Each select option can also optionally include alternateMatches, an array of strings. If a value in the data matches any of these strings, it will be mapped to that option.

tip

For a given select field, the labels, values, and alternate matches should be unique across all options. Each of these parameters is used to map imported data to select options, so conflicts will occur if multiple select options share the same matches.

Select fields provide several special features as the user is going through the import process.

After the column matching step, the user will be prompted to match the values in their file to the given select options.

Select option matching

On the review screen, the field will show as a dropdown menu that the user can pick an option from.

Select dropdown on the review screen

A validation error will be shown if a value was not matched and does not equal one of the option labels.

allowCustom

By default, select fields only allow values that match a select option, and any other values are marked with a validation error.

You can change this behavior with the allowCustom option:

type: ["select", { allowCustom: true }],
selectOptions: [{ label: string, value: string, alternateMatches?: string[] }, ...]

With allowCustom set to true, the user can either choose from the valid select options, or enter their own value.

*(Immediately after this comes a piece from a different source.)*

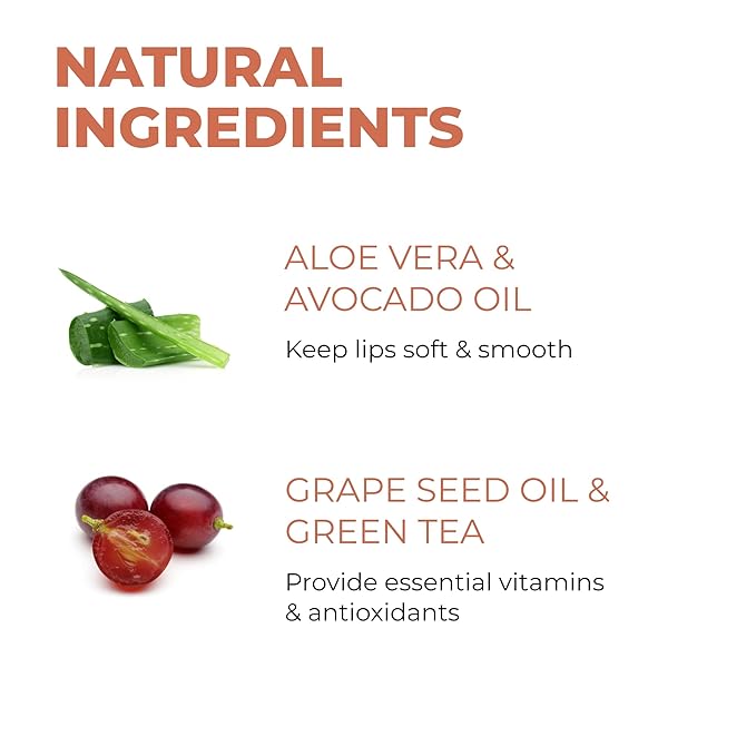- NATURAL INGREDIENTS - Aloe vera & avocado oil keep your lips soft and smooth, while grape seed oil & green tea extract provide essential vitamins and antioxidants to keep them protected and nourished.

This treats the select options as autocomplete suggestions.

Any value is considered valid, although you can add additional validations like normal.

exactMatchOnly

By default, Dromo will suggest matches to the user with fuzzy matching, and, if you have backend sync enabled, AI matching. If you would like to disable fuzzy and AI matching, and only suggest exact matches to the user, you can pass the setting exactMatchOnly: true with the field settings. Dromo will check the label, value, and alternateMatches for an exact match.

type: ["select", { exactMatchOnly: true }],
selectOptions: [{ label: string, value: string, alternateMatches?: string[] }, ...]

Checkbox

type: "checkbox"

The checkbox field type is useful when you want to import a boolean (yes/no) field.

The field will be displayed to the user as a checkbox and output as a JSON boolean (true or false).

When importing, the following case-insensitive values are considered false: "" (empty cell), "0", "off", "n", "no", "false", "disabled".

All other values are considered true.

Email

type: "email"

An email field is a string field with a built-in email address validation.

A validation error will be added to a cell if it contains an invalid email address.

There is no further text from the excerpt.